Filmin güzelliği oldukça basit bir çerçeveye oturtulmuş ama derinlemesine işlenmiş olmasında yatıyor. Realist yapım asla ham klişeler kullanmazken başarı ve mutluluğun aynı anlama gelmediğini vurguluyor **
orijinal ismiyle sono pazzo di ıris blond, yönetmenliğini carlo verdone'nin üstlendiği, 1996 yapımı sıcak bir italyan trajikomedisi. trajikomedi diyorum çünkü filmin acı tatlı bir hali var. bir yandan tebessümle izlerken bir yandan da içiniz burkulabiliyor. bu hususta en başta yönetmen ve aynı zamanda başkahraman romeo karakterine hayat veren carlo verdone'yi tebrik etmek gerek. zaten italyan dili ile gelen o hoş tını bir de verdone'nin binbir çeşit mimiği ile buluşunca ortaya gayet sağlam bir komedi çıkmış.
film neredeyse iki saat boyunca yüzde koca bir gülümseme dahilinde izleniyor. filmin hadisesi de belli;
gayet bahtsız romeo ve hayatına giren o tuhaf kadınlar...
bu filmi diğer romantik komedilerden ayıran en önemli unsur belki de finali. bunun yanında gayet absürd kalan hadiselerin başarılı bir şekilde filme dahil edilmesi ise ayrı bir güzellik.
oyuncular iyi. film boyunca rolünden anlık bile kopmayan verdone ile birlikte claudia gerini de şu "terketmeye meyilli kız" karakterini başarıyla canlandırmış.
aynı zamanda bu film sayesinde belki de 5846565 küsür kere ne me quitte pas parçasını duyacak ve böylesine hoş parça için ara ara jacques brel hatırlanacaktır. zira bendeniz roark kişisinin film bitimi yaptığı ilk şey parçayı keyifle bir kez daha dinlemek olmuştur.
dikkat, bundan sonra yazacaklarım spoiler içermektedir bilginize sunulur. ondan sonra vay efendim ben bilmiyordum, vay efendim ben görmedim demeyiniz çok rica ederim.
--spoiler--
film boyunca sürekli tekrarlanan espriler mevcut. bunlardan en önemlisi ise, ara ara sunulan ve insanı gülmekten kopartan şu film boyunca romeo'nun bir türlü yakamadığı çakmağıdır.

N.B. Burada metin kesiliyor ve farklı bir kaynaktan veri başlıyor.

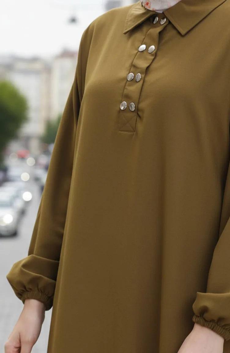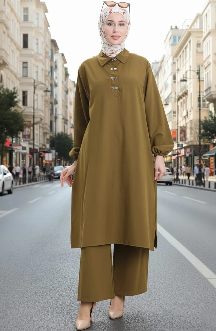 Ensemble Deux Pièces Tunique Et Pantalon à Col Chemise Vert Olive 0123-04 0123-04
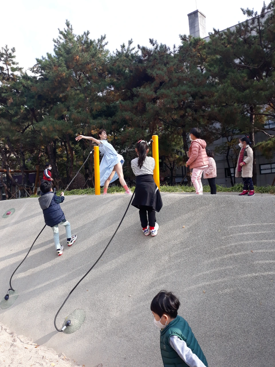 놀이터 모험난간 위에서,계단으로, 공터로
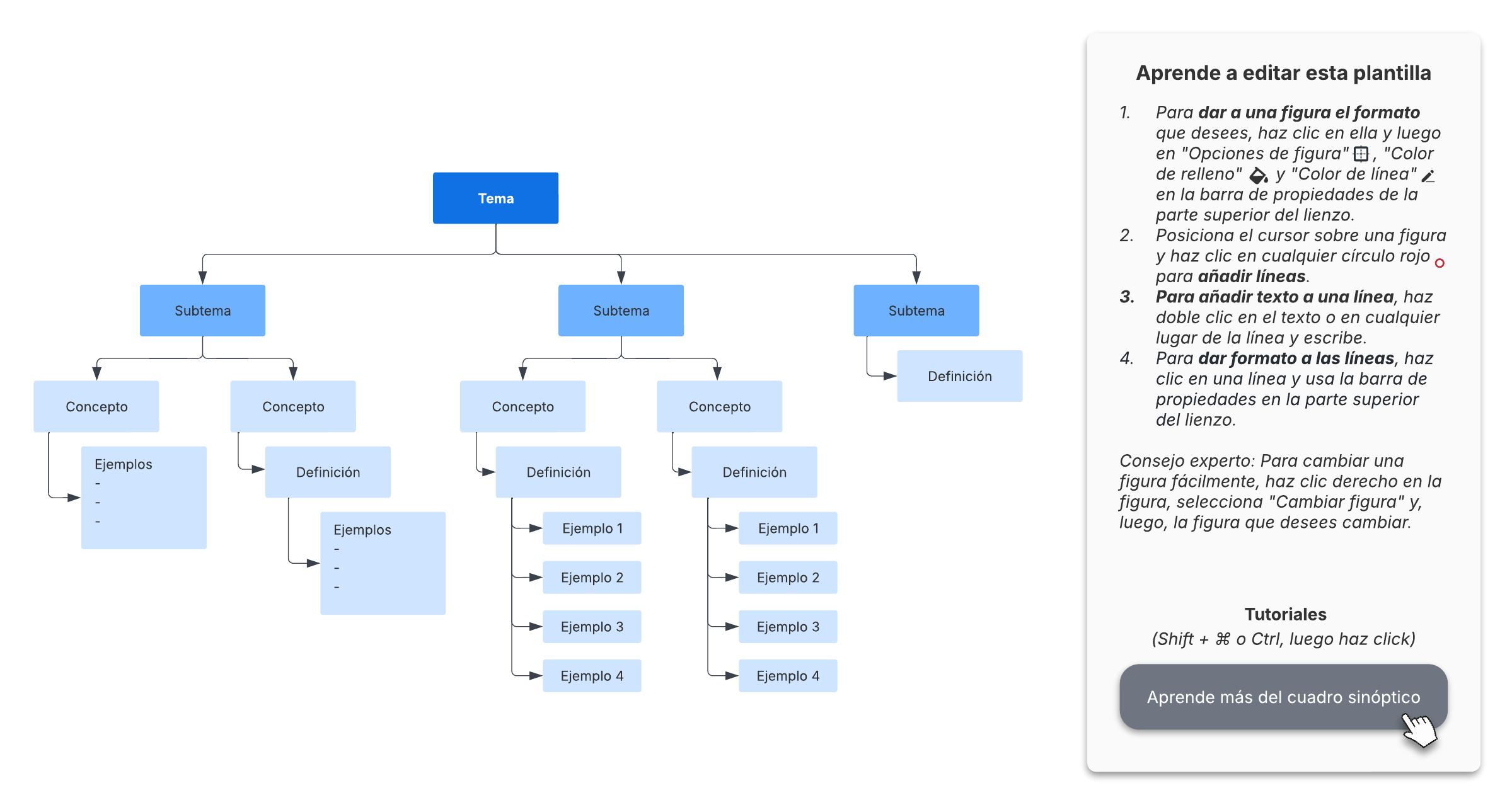 Un cuadro sinóptico en forma de diagrama es una herramienta visual que organiza la información jerárquicamente, desde un tema principal hasta subtemas, conceptos, definiciones y ejemplos. Esta estructura facilita la comprensión al mostrar de manera clara las relaciones entre las ideas.

filmin diğer romantik komedilerden en büyük farkı ise finali dedik. bu defa esas oğlan - esas kız beraberliği ile mutlu bir son yok tabi. finalde tren garında öylece kalıverir talihsiz romeo'muz. lakin film boyunca final tahmini pek de zor olmasa gerek. zira ırıs karakteri zaten terketmeye meyilli biri olduğu için sonuç pek fazla şaşırtıcı değil.
gelelim filmin en komik sahnesine. özellikle sözlük dilinde sıkça kullanılan bir ifade vardır; koşarak uzaklaşmak.
işte bu filmde bu nasıldır, nasıl bir şeydir o rahatlıkla gözlemlenebilir değerli okurlar. öyleki filmin sonlarına doğru köpeğin mezarına giden romeo'nun eski sevgilisinden ayrılması beni resmen gülmekten ölme kıvamına getirmiştir.
bunun yanında en hüzünlü sahne ise acımasız ırıs'ın sırf hadiseyi romeo açıdan yumuşatabilmek adına birlikte olmasıdır. bana kalırsa romeo gibi bir adamın en çok kırıldığı nokta da budur.
--spoiler--
kısacası, keyifle izleyebileceğiniz bir italyan komedisidir bu. size ara ara cidden sağlam kahkahalar attıracak, film bitiminde ise bir jacques brel arşivi edinmenizi anımsatacak bir film aynı zamanda. iki defa izledim, ikisinde de bitmesin istedim. carlo verdone hem reji koltuğunda hem de oyuncu künyesinde kesinlikle başarılı iş çıkarmış. izleyiniz, izlettiriniz.